Ok thanks for the reply's.This is definitely the feed back i was looking for .Now maybe you can help with a couple questions i had ,and some reasoning (maybe erroneously i had). First with the carboys i was planning on using one plastic bucket as a primary and the second as a secondary fermenter,i found these actually cheaper than the carboys and i am not planning on having a lot of different wines in secondary at once.I will freeze my excess fruit for now.Plus i am kind of on a budget as far as spending right now.Second on the potassium metabisulphite powder i had considered it but the website said it starts to break down as soon as it contacts air and i wasn't sure if i could store it very long and keep it viable plus can i use it as a sanitizer? I am admittedly trying to cut a few corners such as buying separate sanitizer,bottle tree,sulphiter,and i forgot to include an add on kit that includes 12 bottles i believe 30 corks and a hand corker which i had included in my budget. I did include the auto siphon because it just seems like a pain trying to get a good flow going by sucking on the tube lololol.Can i possibly use the auto siphon and tubing to actually fill my bottles?
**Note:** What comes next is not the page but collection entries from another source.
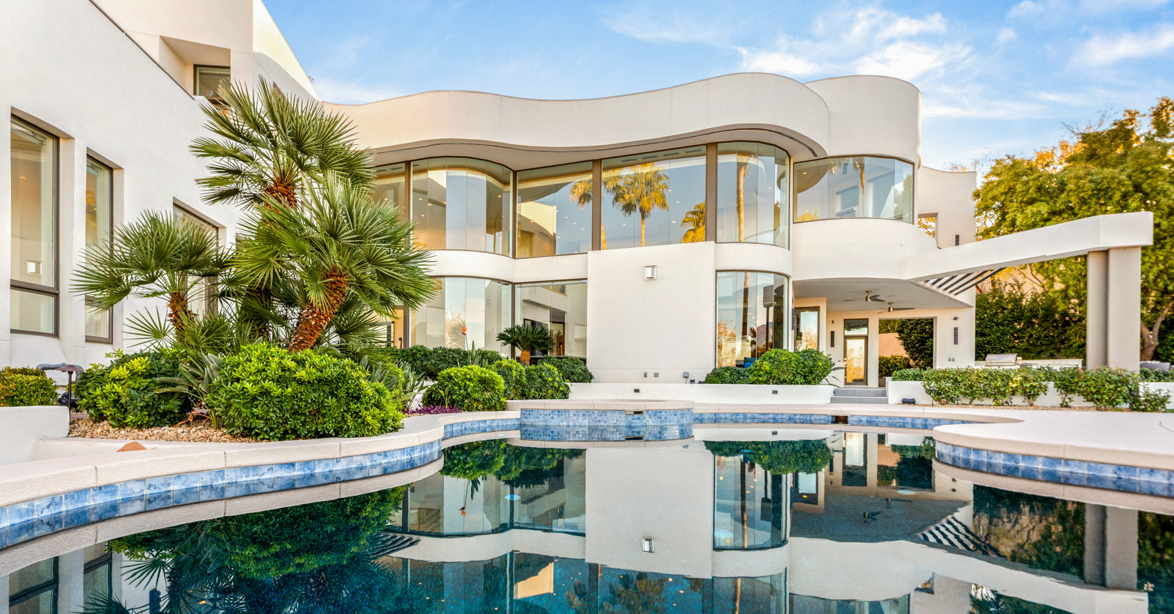 Located at 1109 Pine Island Court in the prestigious guard-gated enclave of Tournament Hills, this reimagined Summerlin estate sits at the end of an ultra-private cul-de-sac on approximately one-half acre. A recent multi-million-dollar renovation has transformed this 7,757-square-foot, 5-bedroom, 8-bathroom architectural treasure into a midcentury-inspired masterpiece where clean lines, bold design, and modern luxury merge seamlessly.
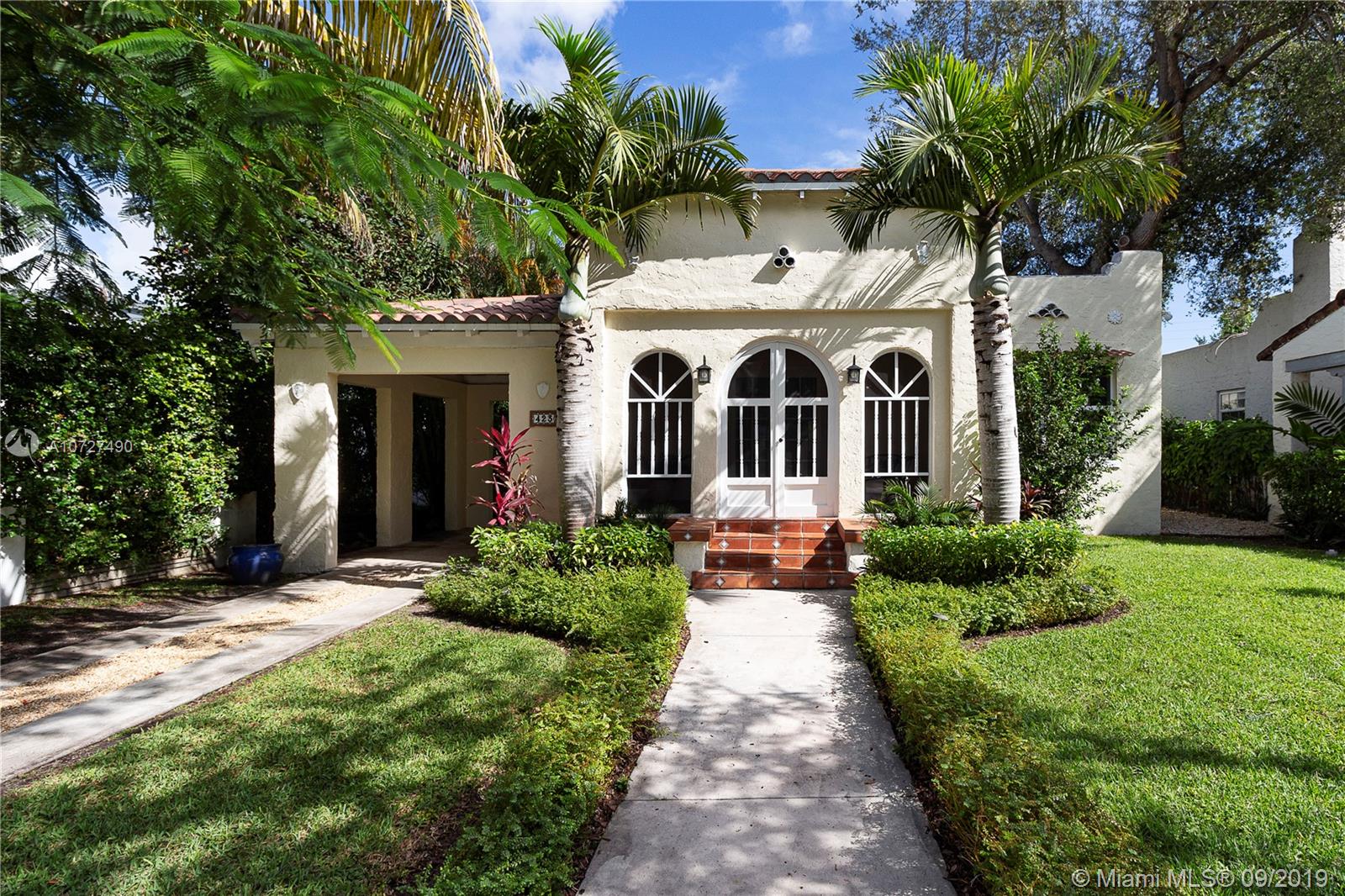 A timeless Old Spanish sits on a charming and quintessential Coral Gables street and is now available for a new homeowner. Merely .2 of a mile from the famed Miracle Mile, everything from restaurants, shopping, book stores & cocktails alike are at your beck and call. The traditional screened in front porch sets the tone for the home. Original wood floors and understated fireplace anchor the living spaces. The main house has 2 bedrooms and 2 full baths with a sitting room inside the master. Spacious kitchen leads to the sweet courtyard style backyard. A true guest house with full bathroom and kitchenette is ready for your visitors to enjoy, or for an easy rental income opportunity. Make yourself at home here and find yourself at the center of Coral Gables living. A Very Special Home.
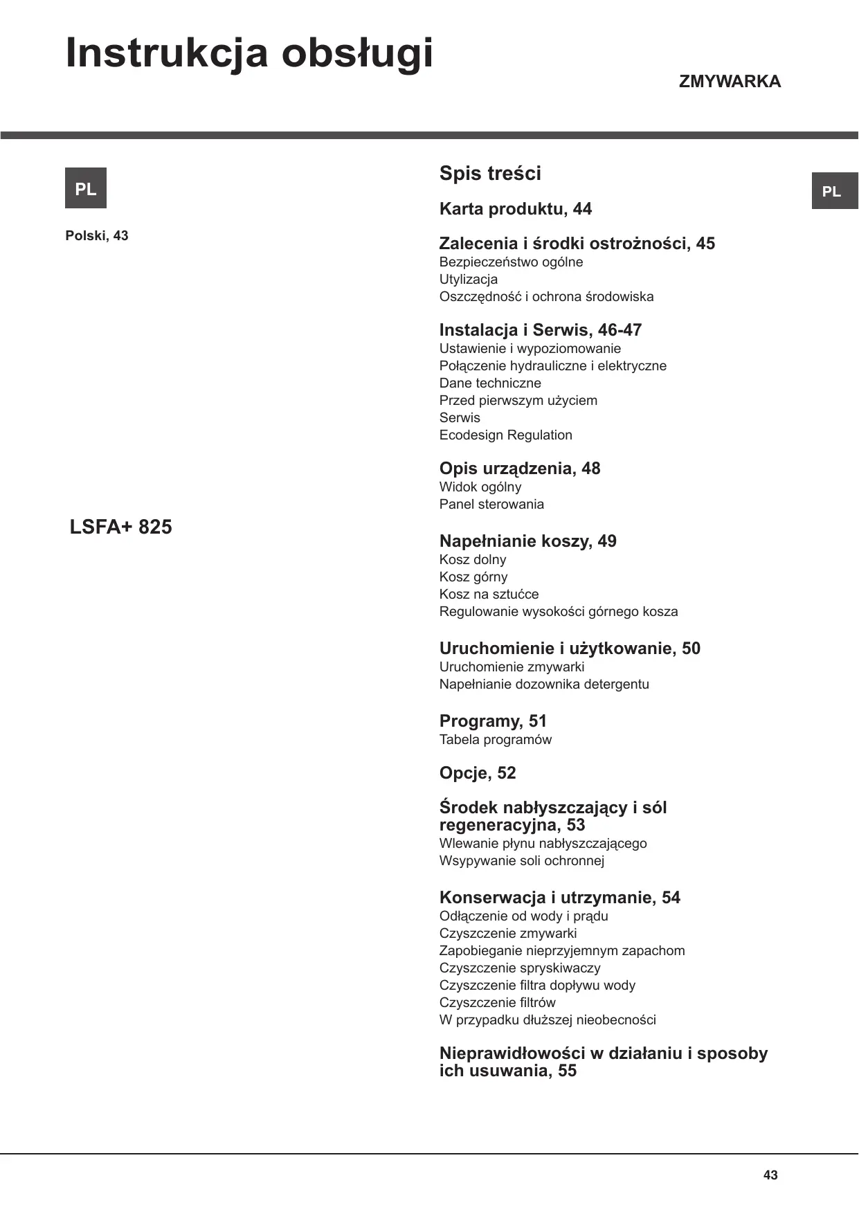 LSFA 825 HA - Zmywarki HOTPOINT - Bezpłatna instrukcja obsługi
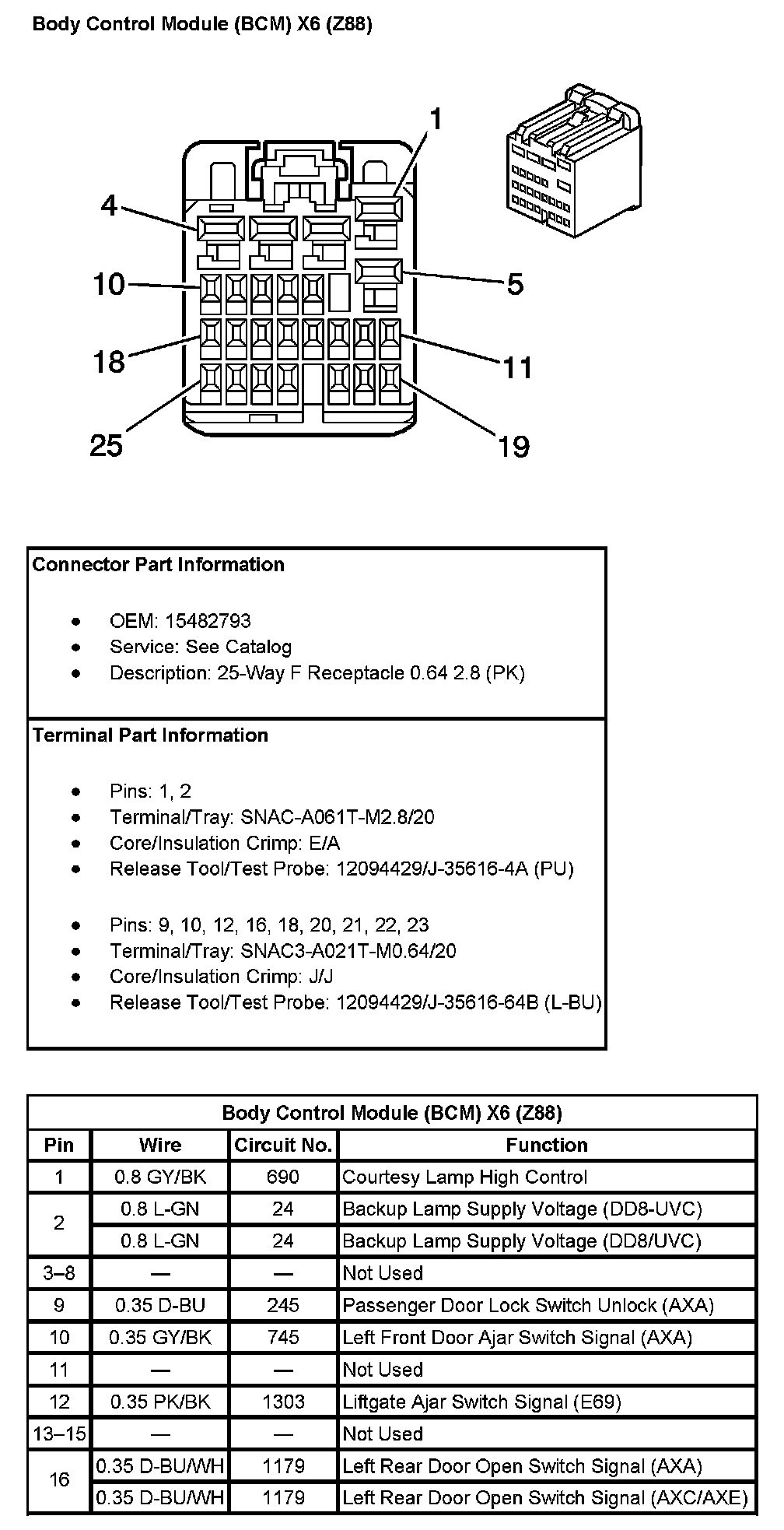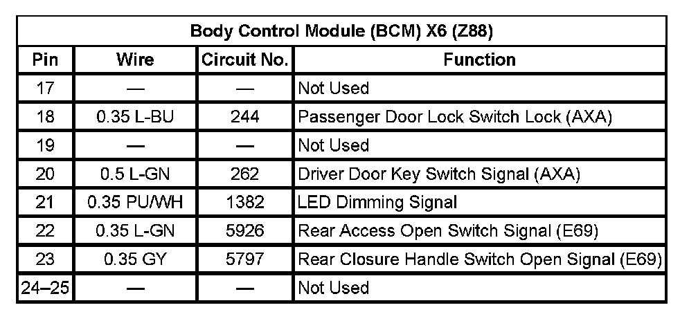 Body Control Module (BCM) X6 (With RPO Code Z88) Pin 17 To 25:
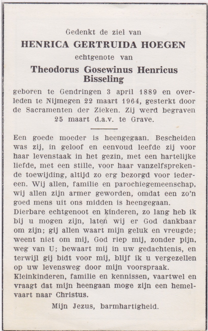 3-4-1889 22-3-1964 Hoegen, Henrica Gertruda Doopnamen: Henrica Gertruda Achternaam: Hoegen Geboren: 3-4-1889, Genderingen Overleden: 22-3-1964, Nijmegen Leeftijd: 74 Begrafenis/crematie te: Grave Partner van: Theodorus Bisseling Archiefnummer: 1-24-2
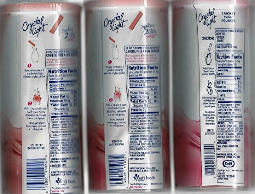 You get 3 cannisters each containing 6 pouches. The flavors are Strawberry Watermelon, Strawberry Kiwi and Strawberry Orange Banana 1 pouch makes 2 quarts. Each flavor is Caffeine Free, Gluten Free and low in Sodium Only 5 Calories per serving Brand : Crystal Light EAN : 0738613594882

Plastic works for primary fermentation, but not for long-term storage like whats needed during the degassing, clearing, and bulk aging of the wine. Granted you can bulk age in bottles perfectly fine, but this still doesnt get you through degassing & clearing which can take anywhere from 6 weeks (with lower-grade kits, skeeter pee, etc) to 12 months or longer (for meads/melomels, etc) - you need glass carboys to keep your wine safe during this period.. Cutting corners in winemaking is alright most of the time, but your glass isnt a corner to cut
K-meta powder will lose its effectiveness over time, but the cooler (and stable) temp you keep it (not frozen) and the less air contact time it has, both help it stretch.. Even in poorer conditions, it'll still usually last a year ... And yes, it works nicely as a santizer, just doesnt work so hot as a heavy-duty gritter-getter, which is why i mentioned Oxy-Clean earlier
Freezing your fruit is always a plus, as the water within the fruit expands into ice, it rips little holes in the fruit & once thawed again, the juice more-readily leaks out of the fruit
If you havent already bought the kit with the hand corker in it, save your moolah - the corks are usually low grade, and the hand corker gives a lot of people problems; portuguese floor corkers are 60 bucks and will last so long, that you forgot how much you paid for it..
You'll find the autosiphon is a bit fast for bottling, even if it were to fit into the bottle neck. "Bottling buckets" - plastic bucket with a spout on the bottom, are cheap & easy to attach a small diameter (cant remember right now) hosing & "bottling wand" ($1.50?), which fits in the bottles and has a spring-loaded stopper at the bottom that you press on the bottom of the bottle to let the wine into the bottle, lift up when the bottles full and when you remove the bottling wand, the wine level is right where it needs to be, for corking.